NEL LAVORATORE SI INNESCA UN MECCANISMO DI AUTOSFRUTTAMENTO
Più stai bene, più ti presti, aumentano i livelli di dedizione. Questo vuol dire taglio dei costi del turnover del personale, della compensazione e del reclutamento. Secondo Gallup negli Usa tali costi si aggirano tra i 438 mila e i 4 milioni di dollari all’anno per una ditta con 100 impiegati. E, ultimo ma non ultimo, non esiste strumento migliore della felicità per controllare le persone e sottometterle. Un dipendente felice farà meno caso alle condizioni di lavoro, al salario, e tollererà maggiormente lo sfruttamento attraverso l’autosfruttamento.
Meccanismo complesso la mente, che le aziende hanno imparato (da decenni e più) a regolare.

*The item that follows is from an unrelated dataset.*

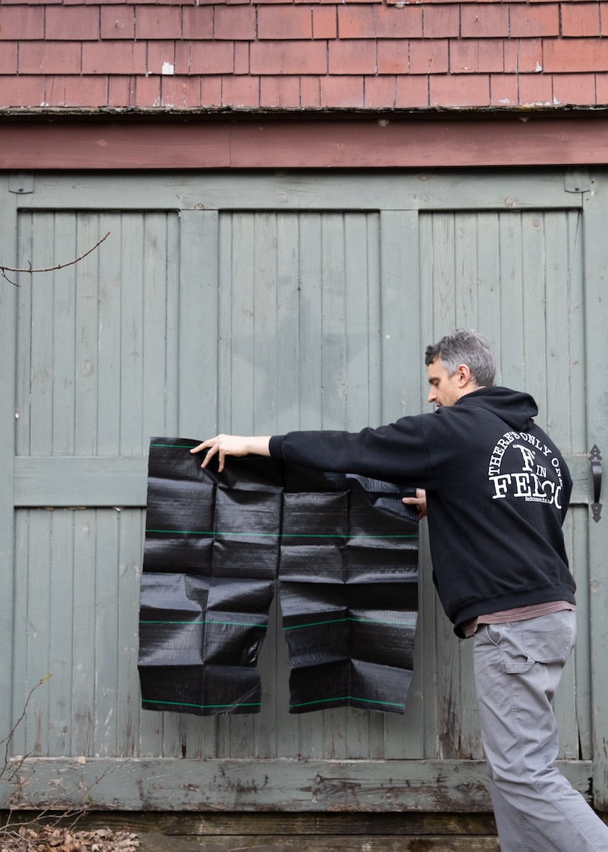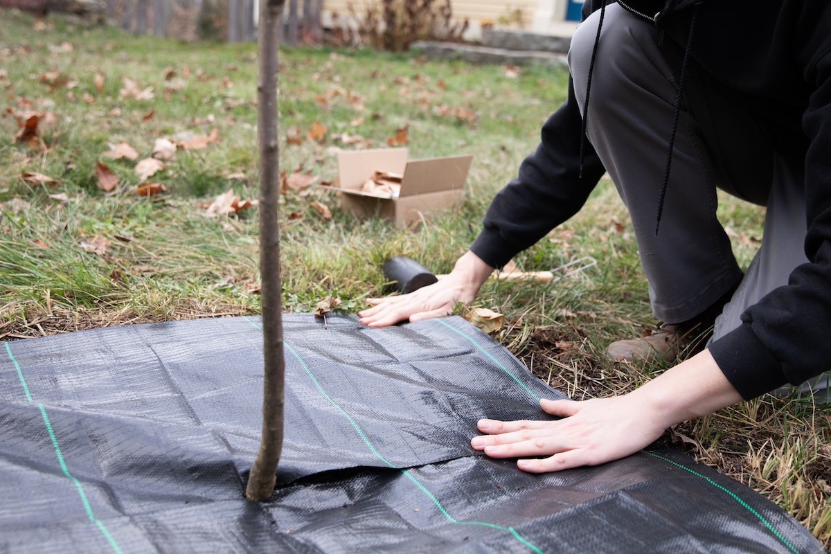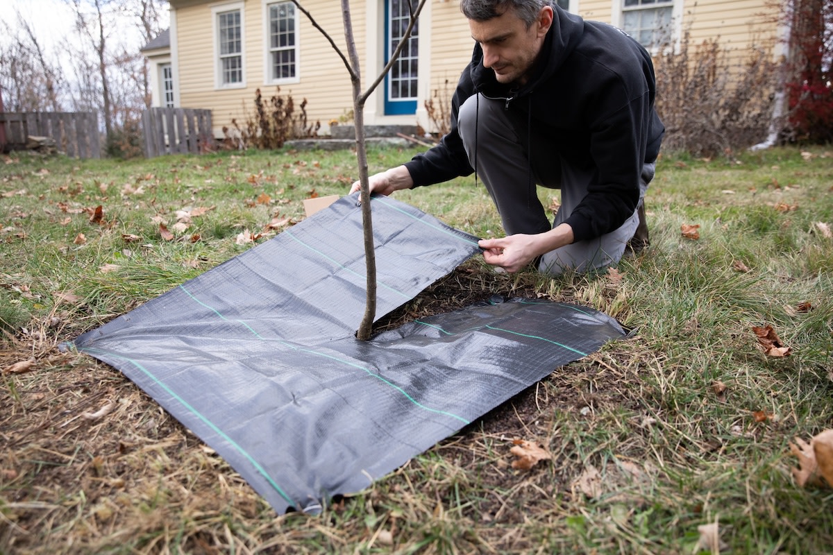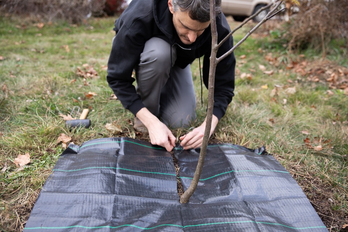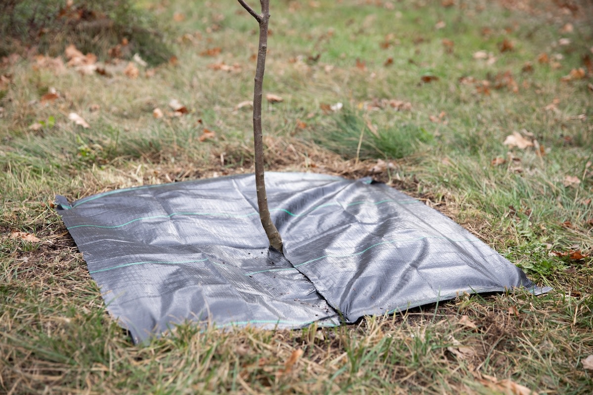 Weeds swallowing up your trees and perennials is a buzzkill. With these large 36x36" long-lasting weed-control mats, you can say goodbye to tiresome weeding around your plants. The fabric is essentially the same as our Woven Ground Cover; durable but also allows water penetration, so it is fully compatible with our Orchard Irrigation Kit. Each square mat has a slit, so you can slip it around the plant’s base. We recommend securing mats with Earth Staples. Black with stripes every 12". To discourage vole habitation and damage, do not apply mulch on top of the fabric, and do keep Tree Guards installed November 1st-May 1st.

Riescono a trasformare ciò che è necessario, necessità di lavoro, in una fonte di libido e consacrazione personale. È la sottomissione, mai citata a voce alta, ciò a cui mirano attraverso la felicità. Il culmine della felicità, per dirla alla Michel Houellebecq, consiste allora nella sottomissione più assoluta. L’oblio di sé stessi che rende veramente felici le aziende. Rinunciare a sé stessi, alla libertà, per essere felici è ciò che dicono. Stanno sviluppando l’happycracy, un nuovo modello di governo delle masse. Sembra follia. Erano felici anche le folle dei regimi totalitari, questo fa riflettere.